Le Conseil de sécurité de l'ONU a adopté le lundi 30 août une résolution appelant les talibans à garantir les départs d'Afghanistan. Cette résolution est un "premier pas positif" estime sur franceinfo le géopolitologue, fondateur et directeur de l'Institut de relations internationales et stratégiques Pascal Boniface. Mais il souligne également ses "limites" car "on ne va pas envoyer une force militaire pour les obliger à respecter" leurs engagements.

franceinfo : Que pensez-vous de cette résolution adoptée par l'ONU ?

Pascal Boniface : C'est un premier pas positif. Le fait que la Russie et la Chine se soient abstenues et n'aient pas voté contre est aussi un pas positif. En même temps, il faut regarder les limites de cette résolution. On grave dans le marbre les engagements des talibans mais si ceux-ci ne les respectent pas, que va-t-il se passer ? On ne va pas envoyer une force militaire pour les obliger à les respecter.
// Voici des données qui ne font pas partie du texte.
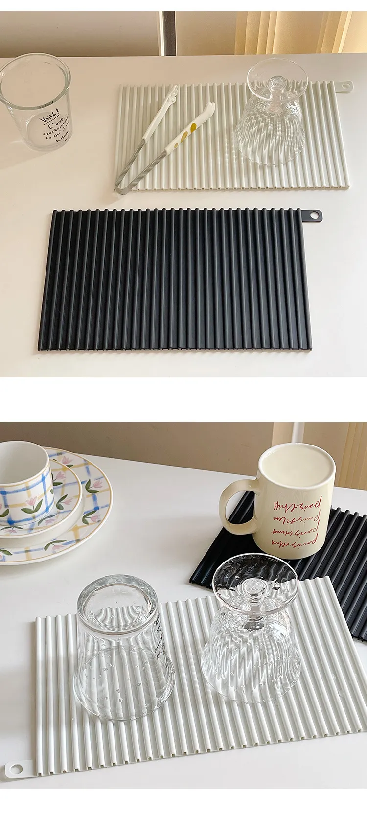 Simple Silicone Draining Pad Heat Insulation Easy Cleaning Non-slip Fixed Cushion

Donc, on est à la fois dans la communication et en même temps dans l'établissement d'un rapport de force. Il n'y avait aucune chance qu'une zone de sécurité soit établie. Les talibans la refusent et personne ne va les obliger à l'accepter, mais au moins il y a un cadre qui est fixé et on peut dire que l'ONU a voulu prendre les talibans aux mots. À eux de montrer qu'ils respectent leurs engagements, qu'ils respectent leur parole. Cette résolution n'a pas de pouvoir exécutif mais le fait qu'il y ait eu un accord sur cette résolution est quand même au moins un signal envoyé aux talibans.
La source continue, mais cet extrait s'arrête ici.